Akselerasi Dagang, Indonesia-Belarus Sahkan Roadmap Kerja Sama Ekonomi 2026-2030

Akselerasi Dagang, Indonesia-Belarus Sahkan Roadmap Kerja Sama Ekonomi 2026-2030

JAKARTA – Pemerintah Indonesia dan Belarus resmi menyepakati penyusunan Roadmap of Developing Key Areas of Cooperation for 2026-2030 dalam Sidang Komisi Bersama (SKB) Ke-8 di Minsk, Belarus. Dokumen kerja sama strategis jangka panjang ini ditandatangani langsung oleh Menteri Koordinator Bidang Perekonomian RI Airlangga Hartarto dan Wakil Perdana Menteri Belarus Viktor Karankevich.

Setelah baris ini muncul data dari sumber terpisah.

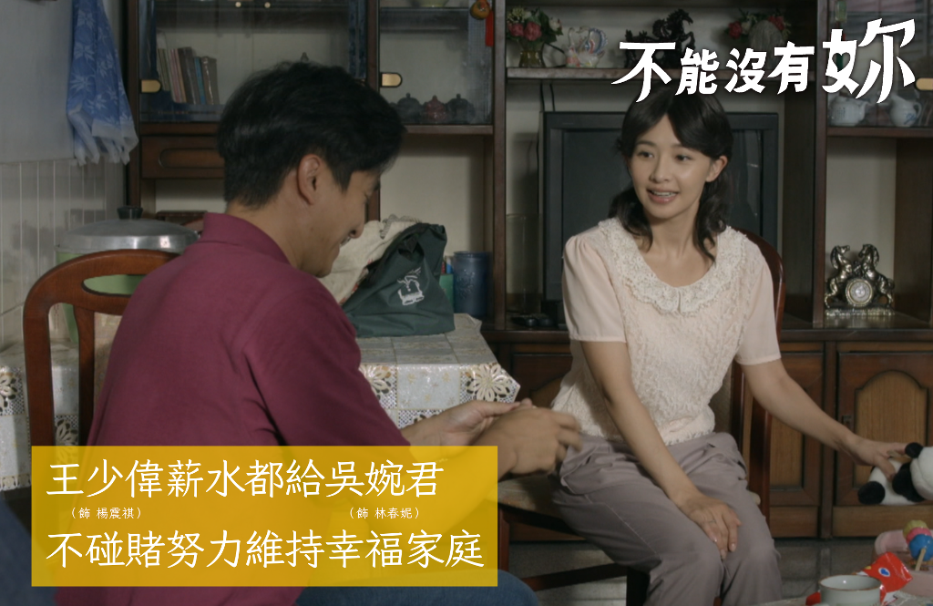 大愛劇《不能沒有妳》王少偉在劇中演活了一個婚前會讓人陷入戀愛腦的男友,婚後卻是一百八十度大轉變的家暴丈夫。跟所有家暴的戲碼一樣,很敢承諾,吳婉君也把被家暴的妻子樣態演得栩栩如生,當王少偉飾演的震祺說不能再讓老婆擔心決定換工作,生活重新來過,吳婉君飾演的春妮每次都買單。

Langkah ini menjadi payung hukum bilateral yang sistematis dan terukur untuk mendongkrak kemitraan di bidang perdagangan, ekonomi, dan teknik, sekaligus dipersiapkan sebagai capaian utama (deliverables) dalam rencana kunjungan kenegaraan Presiden Belarus ke Indonesia pada awal Juli 2026.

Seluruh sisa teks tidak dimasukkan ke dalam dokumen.